### Task to complete
Write every line of the material again exactly, with no pictures in the copy.

=== Recorded data ===

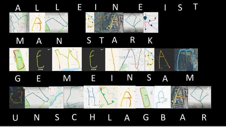 Am Sonntag, den 03.01.2021 absolvierten die Spielerinnen und Trainer der 1. Damen und 2. Damen von Borussia Münster einen Neujahrslauf – und der verlief mal ganz anders als herkömmliche Neujahrsläufe. Jede Spielerin erhielt einen Buchstaben, den es in Münster zu erlaufen galt. Es wurden Routen herausgesucht, Strecken bemessen und dann wurde um Punkt 11 Uhr per WhatsApp-Nachricht der Startschuss gegeben. Obwohl jede Spielerin den Lauf für sich alleine absolvierte, hatte die ganze Aktion einen immenses Gemeinschaftsgefühl. Jede Route musste erledigt werden, damit aus dem Buchstabensalat der Lösungssatz erlaufen werden konnte. Nachdem die Spielerinnen ihre Buchstabenroute in die WhatsApp-Gruppe geschickt hatte, begann das große Raten. Was könnte der Lösungssatz sein? Die Antwort lies nicht allzu lange auf sich warten und traf in der heutigen Zeit den Nagel auf den Kopf:
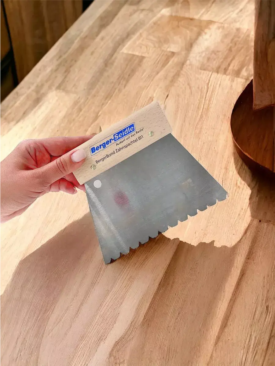 Шпатель зубчатый для клея Berger-Seidle В11 имеет прочную и удобную в использовании конструкцию. Шпатель изготовлен в виде гребенки. Полотно шпателя выполнено из нержавеющей стали, а ручка – из дерева. Ручка шпателя для клея надежно зафиксирована на полотне. Имеет частые трапециевидные зубья с оптимальным шагом. Шпатель Berger-Seidle В11 равномерно распределяет клей по рабочей поверхности, предотвращая его вылезание через стыки укладываемого напольного покрытия и уменьшая время его открытой выдержки. Способствует сокращению расхода клея. Трапециевидная форма шпателя обеспечивает быстрое нанесение и распределение клея по поверхности, что ускоряет рабочий процесс
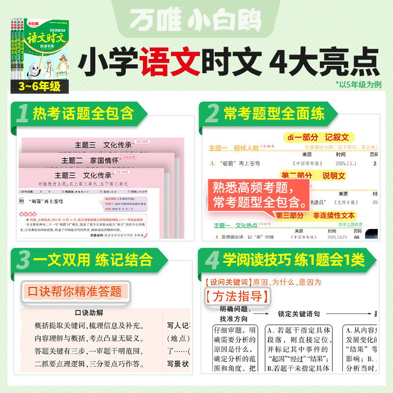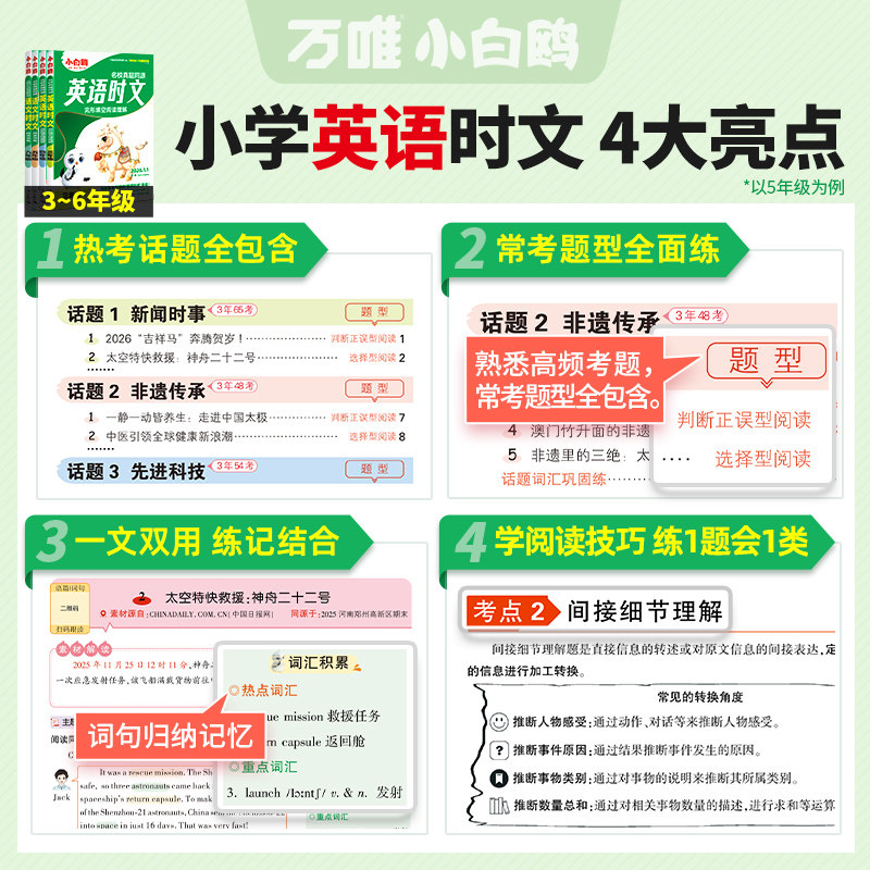 📚 【26年1月新书】万唯小白鸥阅读训练英语语文时文阅读真题同源小学三四五六年级阅读理解专项训练完形填空练习学霸练习衔接小升初

===

### Solution for this task
 Am Sonntag, den 03.01.2021 absolvierten die Spielerinnen und Trainer der 1. Damen und 2. Damen von Borussia Münster einen Neujahrslauf – und der verlief mal ganz anders als herkömmliche Neujahrsläufe. Jede Spielerin erhielt einen Buchstaben, den es in Münster zu erlaufen galt. Es wurden Routen herausgesucht, Strecken bemessen und dann wurde um Punkt 11 Uhr per WhatsApp-Nachricht der Startschuss gegeben. Obwohl jede Spielerin den Lauf für sich alleine absolvierte, hatte die ganze Aktion einen immenses Gemeinschaftsgefühl. Jede Route musste erledigt werden, damit aus dem Buchstabensalat der Lösungssatz erlaufen werden konnte. Nachdem die Spielerinnen ihre Buchstabenroute in die WhatsApp-Gruppe geschickt hatte, begann das große Raten. Was könnte der Lösungssatz sein? Die Antwort lies nicht allzu lange auf sich warten und traf in der heutigen Zeit den Nagel auf den Kopf:
 Шпатель зубчатый для клея Berger-Seidle В11 имеет прочную и удобную в использовании конструкцию. Шпатель изготовлен в виде гребенки. Полотно шпателя выполнено из нержавеющей стали, а ручка – из дерева. Ручка шпателя для клея надежно зафиксирована на полотне. Имеет частые трапециевидные зубья с оптимальным шагом. Шпатель Berger-Seidle В11 равномерно распределяет клей по рабочей поверхности, предотвращая его вылезание через стыки укладываемого напольного покрытия и уменьшая время его открытой выдержки. Способствует сокращению расхода клея. Трапециевидная форма шпателя обеспечивает быстрое нанесение и распределение клея по поверхности, что ускоряет рабочий процесс
 📚 【26年1月新书】万唯小白鸥阅读训练英语语文时文阅读真题同源小学三四五六年级阅读理解专项训练完形填空练习学霸练习衔接小升初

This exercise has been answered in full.